# Rain: when is it to much?



## Ernie (Mar 18, 2004)

It has been raining here for the last few months, almost every day.. It has put everything behind, whether farming to the daily tasks of mowing the yard.. I just took this picture of our rainfall out of the St Pete Times this AM and see we are only 4" from our yearly total already.. Any one else out there that the rain has turned their work into slo motion??


----------



## jodyand (Sep 16, 2003)

Well i was getting rain up until about a month ago. Haven't got any in over a month i could sure use a little.


----------



## Chipmaker (Sep 16, 2003)

I sure could use a LOT! Any chance of diverting some up this way........I can pay with Pay PAl or send Money order!

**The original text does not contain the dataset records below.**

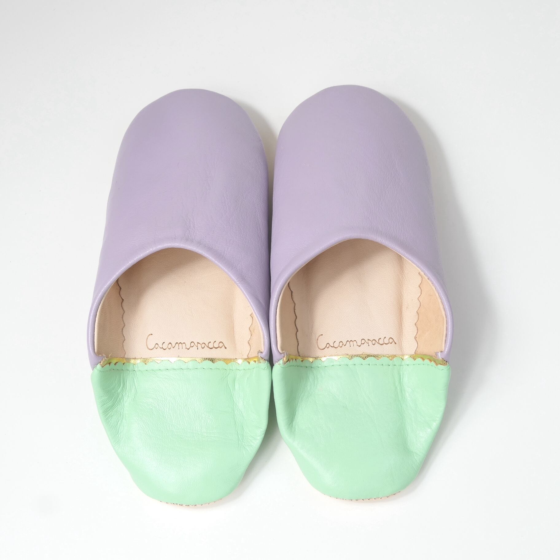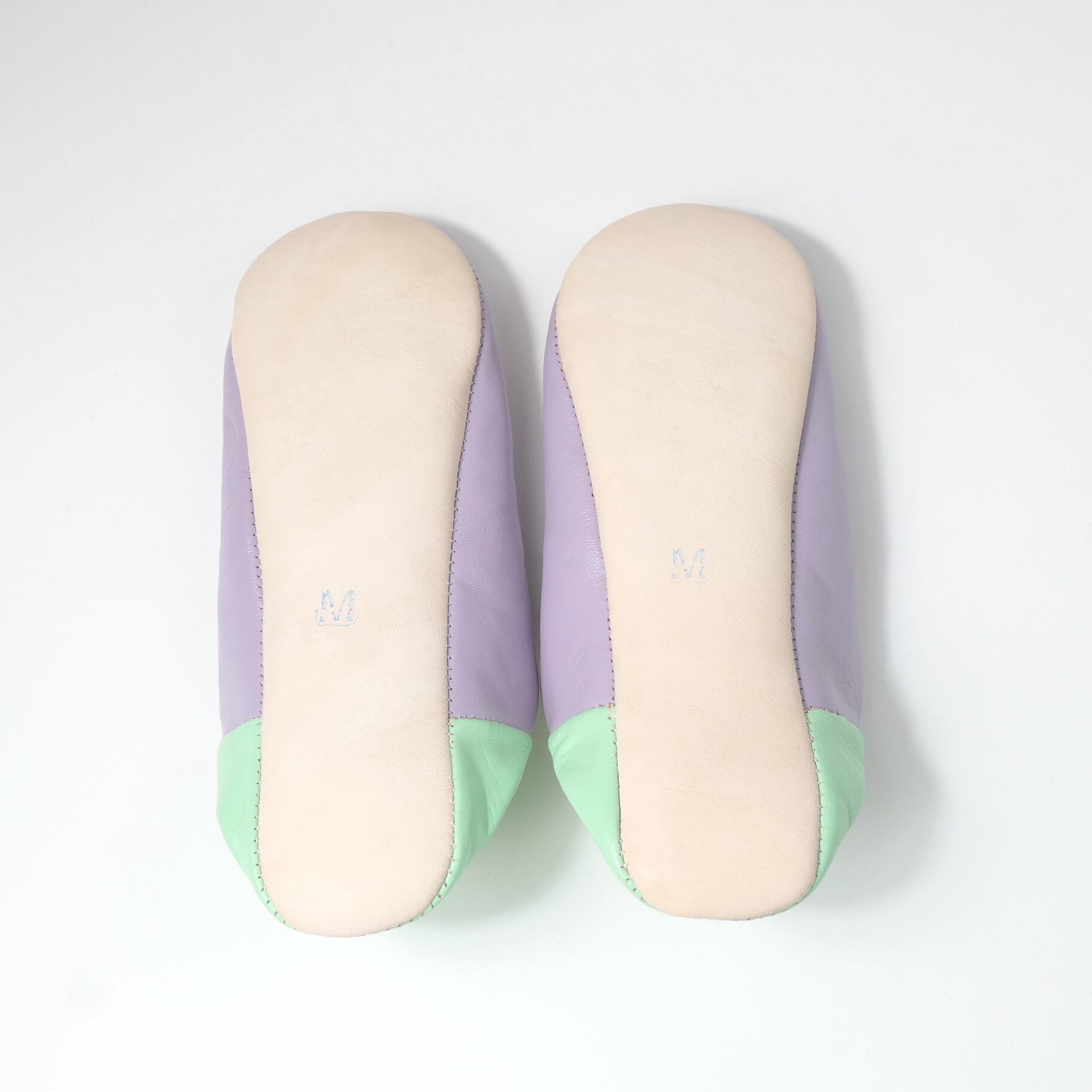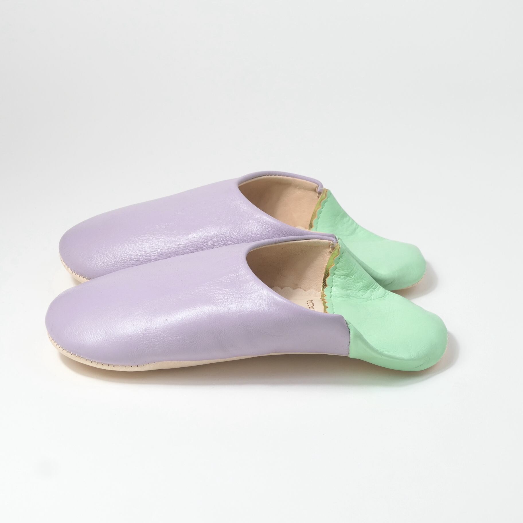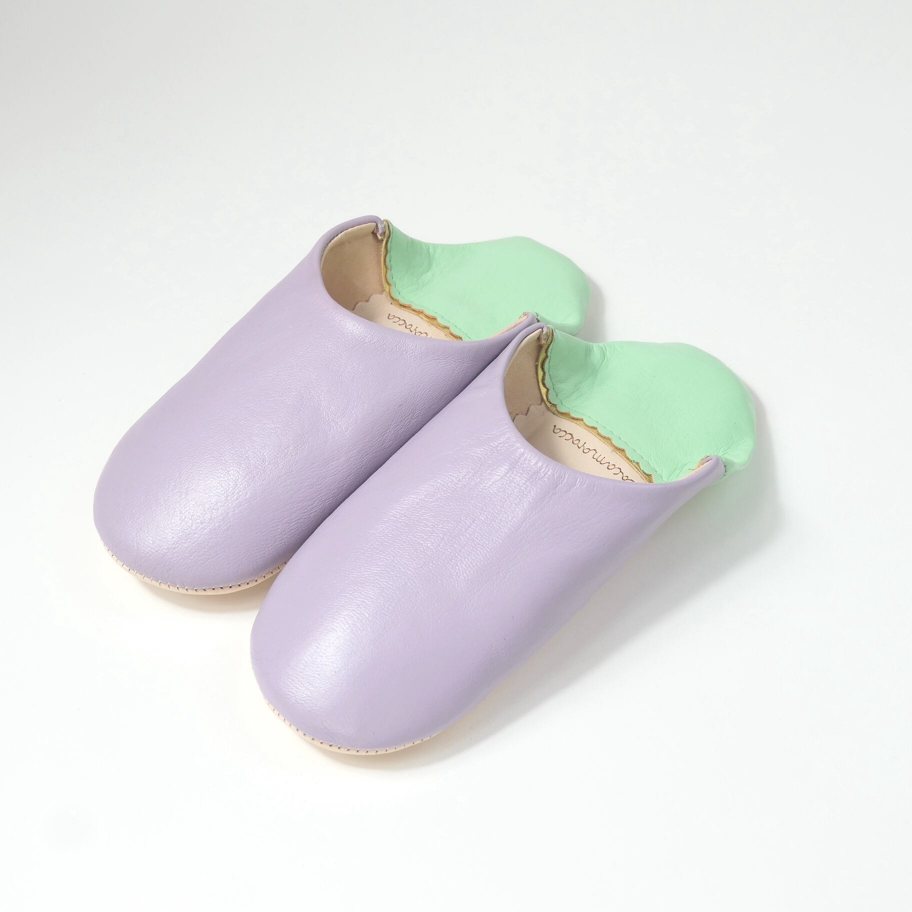 受注生産 パープル×スカイエメラルド(プレーン)レザー バブーシュ スリッパ
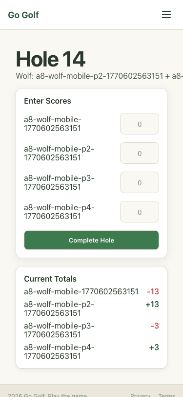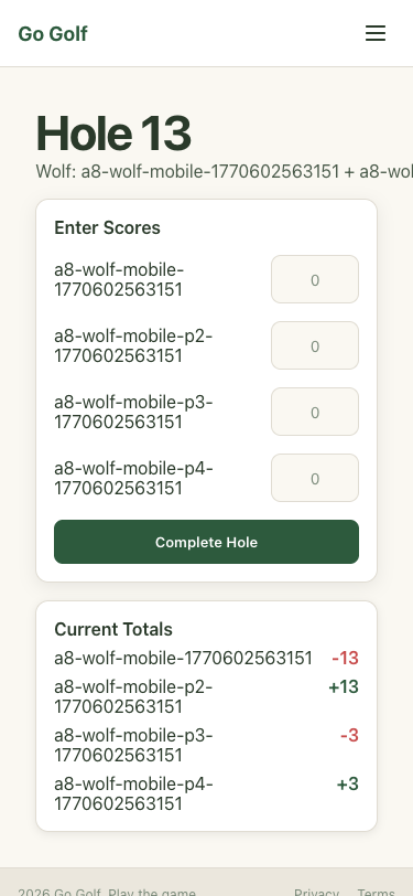 Step 51: Hole 13: Enter scores and complete
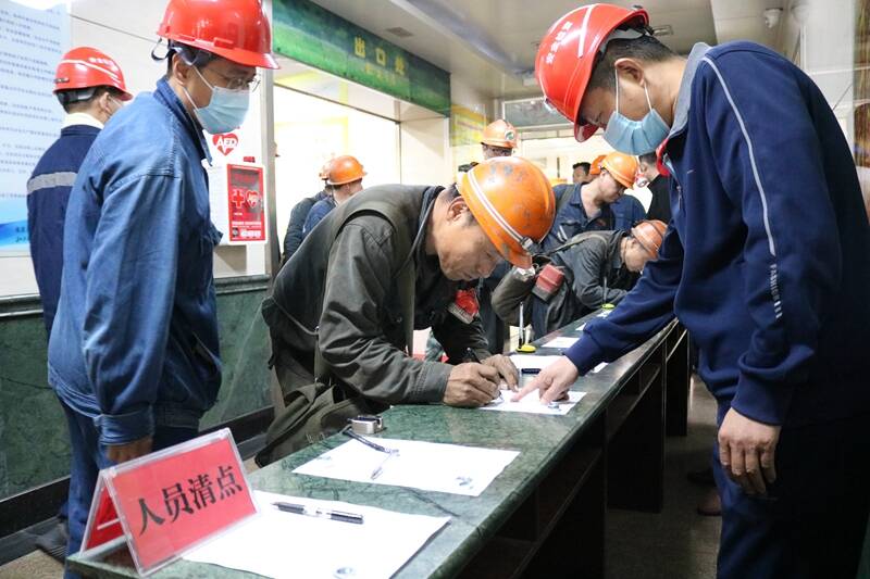 10点48分,86名井下职工严格按照正确撤离路线,紧张有序撤离,以最快的速度安全升井。
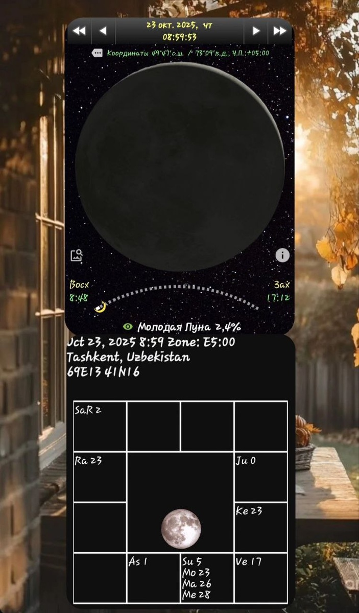 🍃🌜23.10.2025.🌛🍃 Ведическая Астрология Молодая Луна на границе Весов и Скорпиона. РетроСатурн. Юпитер меняет знак. 🍂🌛Молодая Луна начинает подрастать и наполняться энергией. Если сегодня очень сильно захочется выяснить отношения, постарайтесь сдержаться и поговорить спокойно, либо через несколько дней. Если всё же чувствуете, что накипело, поговорите сначала со своим котом, собакой, попугаем, рыбами или цветком. 🥧С людьми разговаривать об отношениях лучше в спокойном состоянии, взвешивать сказанные слова и наблюдать за эмоциями, если вы хотите отношения сохранить. Если хотите порвать связи - лучше дня не найти. 🪵🌛Луне сегодня, как никогда нужен баланс, уже вечером она уходит в Скорпиона, где стоит ловить вдохновение от любимых фильмов, чудных мест, природы и людей, с которыми вам хорошо. 🍫🍫🌛Держим себя в руках и помним, что всё вращается и меняется, а то, в чем сейчас видится бездна, завтра может раскрыть новую дверь(обычно, так и случается) 🍪Сохраните отношения и вн

Just read the 5 day forecast. It has yet to be right in over a month and a half so why would I expect it to be anywhere close this coming week. Wednesday heavy rain in the day 60% chance, 50 % in the evening for showers. Thursday 60% and rain and thunder storms (whats the difference, just lightning and thunder vrs just rain fall? ) and Friday more of the same, supposed to be really sloppy wet from Wednesday until late Saturday evening, and scattere rain on Sunday and Sunday evening...........I'm so confident it will not rain a drop here I may wash both vehicles, and plan on cutting grass (or at least go through the motions of cutting grass as it sure is not growing this year) But the City of MOntgomery will surely get the rain, have to keep those concrete and asphalt roadways cooled down and all those concrete parking lots etc washed off...................I just don;t understand it. They get gulley washers within 1/2 mile of my place all year long whenever it forecasts rain, but all I got was sun and an occasionala dark cloud going by, just to rain up the road a piece and not drop nothing in this area.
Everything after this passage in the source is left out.